To regulate or not to regulate? We're as divided as ever over environmental policy:

posted by Brian Mudd - 

To regulate or not to regulate? We're as divided as ever over environmental policy:

Bottom Line: There are generally two reasons people live here and stay here. Lifestyle and taxes. A huge part of the South Florida lifestyle is being able to enjoy all our tropical weather has to offer. That generally goes hand-in-hand with increased consideration for environmental considerations. Those considerations have only increased in recent years with the added concern about discharges from Lake Okeechobee, whatever is to come of the Everglades Restoration project and the resumption of development with the real-estate recovery. The question always is and has been about what the best path forward is however. We remain fairly undecided locally and nationally as the case may be. 

First, something most of us can agree on. The benefits of renewable energy. Pew Research found 83% of Americans believe that increasing renewable energy should be a priority. Now on where we're divided. What we should do to get there...
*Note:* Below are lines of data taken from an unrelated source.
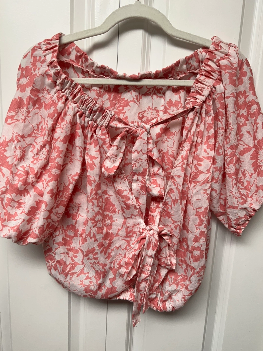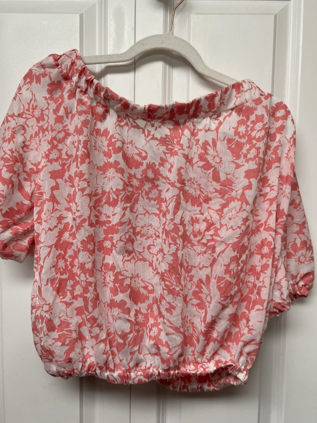 Pink and white floral off the shoulder top with a tie in the back. Short sleeves. Crop top. Stored in a smoke, pets free home Cash only and pick up at Port Coquitlam
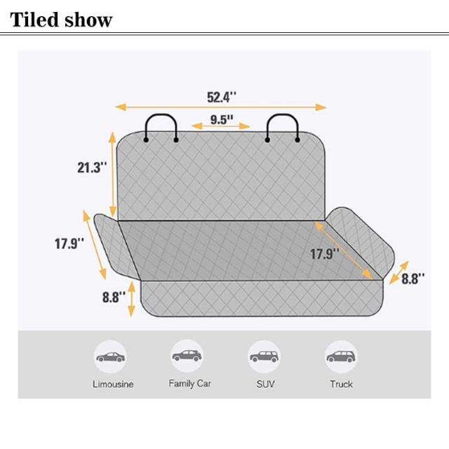 | 【ペット用ドライブシート】【後部座席用】【防水・滑り止め】【137×125cm】 ペットと一緒にドライブ旅行を楽しみましょう。 オックスフォード素材を採用し、生地は厚く、シートをしっかり保護します。 このシートカバーは簡単に簡単に取り付けられます。車の後部座席を全面的に保護できます。 防水設計で、泥、傷、髪の毛による悪い経験を心配することなく、また底面は滑り止めデザインで、シートカバーをきちんと固定でぎます、色褪せもしません。 濡れたタオルで気楽に掃除することもできます、汚れはもうあなたを悩ませる問題ではありません。 | |
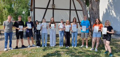 Hannah Bauhof, Anna Sidorov, Vanessa Schick (9a), Liana Stegmeier, Milena Bass (9b). Sie erhalten ein offizielles Zertifikat der Universität Cambridge, welches ihre guten sprachlichen Fähigkeiten
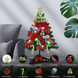 PACKAGE CONTENTS : You will receive 1 Christmas tree and Chrismtas tree stand, 1 Chritmas tree light string, 1 star treetop, 1 gold Merry Christmas, 2 bows, 2 candy, 2 Christmas balls, 2 pine cones, 2 candy canes, 2 bongo, 2 gift boxes, 2 jingle bells. Let's make a cute Christmas tree.

54% believe that the government should further regulate to encourage the use of renewables compared to 38% who say that the government should yield to private/market based adaptation. This is where I personally become frustrated with my fellow well intentioned friends. As you may know, I'm an environmentalist in the non-political sense. Rather than rant and rave in the streets with signs, I actually spend time in nature enjoying it and cleaning it up along the way. I also am a huge believer that we way under-utilize solar in South Florida. That being said the last thing in the world we need is the government figuring out how to force it into adaptation. Have we learned nothing? What happens when the government, especially through regulations, attempts to "help"? It costs all of us (or at least us tax paying types) more money.  

What's odd is that on a separate question of the same survey participants 49% of people said we could actually cut back on existing regulations and improve air and water quality simultaneously (compared to 47% who said the opposite). So we seem to generally understand that existing environmental regs aren't ideal and yet we want new ones on renewable energy? Who would you rather influence the future of solar technology - Elon Musk or Chuck Shumer? So let's stop the madness and realize that the odds of any future energy regs being better than the current ones is borderline insane. It's kinda like the argument Socialists make. They argue that it just hasn't worked because it hasn't been done right. Whether it's Socialism or government regulated consumer behavior...it's time to stop looking towards the government for answers and start looking towards the best and brightest companies and technologies instead.